If you look at my blogpost you will see that the only right wing group are the Evangelical Protestants, *all* other groups voted for Obama. Incidentally, Obama has an abortion voting record that is more radical than many abortion supporting groups.
http://www.humanevents.com/article.php?id=18647
McCain may have supported abortion, but there was a good chance he would die in office, letting Palin become president. Palin is pro-life and would have been the best choice for the Republicans.
@Ronduck
Submitted by Monarchist on Sat, 2009-01-10 19:47.
1. Constitution Party seems to be much more right wing. Don't you think that you vote rather on less leftist mainstream party? This perspective seems to be more accurate.
2. To secure a border is one thing and populist anti-Hispanic rhetoric another. This is pretty obvious that Republicans cannot have both, give opportunity to chauvinist crowd to speak in their name and gather votes of Hispanic voters.
3. I checked out Ted Kennedy. He is a remarried person divorced from a living. So according to the Catechism of the CC, he is automatically denied communion. You are simply wrong.

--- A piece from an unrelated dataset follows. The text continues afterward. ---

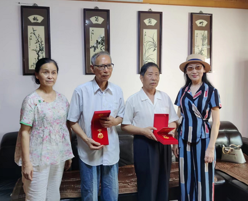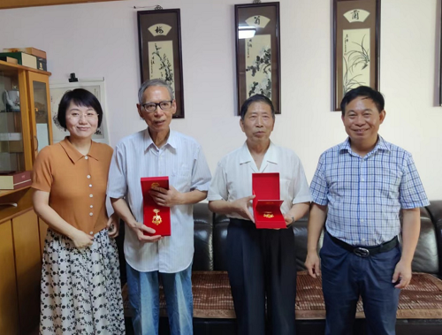 接过纪念章,两位老党员难掩激动之情,为在“七一”这一特殊节点获得这枚沉甸甸的荣誉奖章感到无比光荣和自豪。他们表示,学院党委、离退休支部深情的慰问凝聚着党和国家对他们的关怀和温暖,这既是无上荣光,更是重要责任,在以后的学习生活中,将把荣誉化为力量,把关怀化为动力,感党恩、听党话、跟党走,把红色基因传承好,把老党员作用发挥好,退而不休,发挥余热,继续为学校事业高质量发展奉献智慧和力量。

4. I find it amazing, your suggestion that some politician is supposed to be a moral example for Catholic Americans. If they are Catholics then they must listen to the Vatican and the Pope in particular. As I mentioned earlier I'm not a democrat. However even myself don't suspect that people consider politicians to be moral examples! This is simply not the case.
@Monarchist
Submitted by Ronduck on Sun, 2009-01-11 01:13.
3. I checked out Ted Kennedy. He is a remarried person divorced from a living. So according to the Catechism of the CC, he is automatically denied communion. You are simply wrong.
Ted Kennedy almost certainly had his first marriage annulled, but we can't know until the church confirms or denies it:
And although Senator Edward Kennedy won't say whether his first marriage was annulled, he did take Communion at his mother's funeral and maintains that his "second marriage had been blessed by the church."
Ted Kennedy was also given communion at the Papal Mass given in the US. Here is a statement from Daniel J Skehan:
"Two of my sons and I attended the Papal Mass yesterday. We were seated in section 216, directly above the section in which Ted Kennedy was seated. Several minutes prior to the general distribution of communion a priest walked down to Ted Kennedy and gave him communion. There was some discussion amongst we in our section about the inappropriateness of his reception of the Host. Be certain, he remained seated not out of some self-enforced respect for the sacrament, but rather out of respect for his girth and mobility."
Ted has received communion in the past, and the American bishops have not taken any steps to stop him. The bishops cannot claim that Ted is automatically excommunicated, they must do it themselves because of his prominent support of abortion. Heck, they do not even claim he is automatically excommunicated, they just sit around and let their priest give communion to babykiller.
4. If the Catholic hierarchy will not excommunicate a man who is almost singlehandedly responsible for keeping abortion legal in the US then they are admitting that the church approves of abortion. Ted is the product of the American church, a church that needs to have many of its' bishops fired. Either the entire American hierarchy is in a state of sin, or Ted is allowed to screw around because he helps keep the floodgates open for more Mexicans. Or both.
@Ronduck
Submitted by Monarchist on Sun, 2009-01-11 14:54.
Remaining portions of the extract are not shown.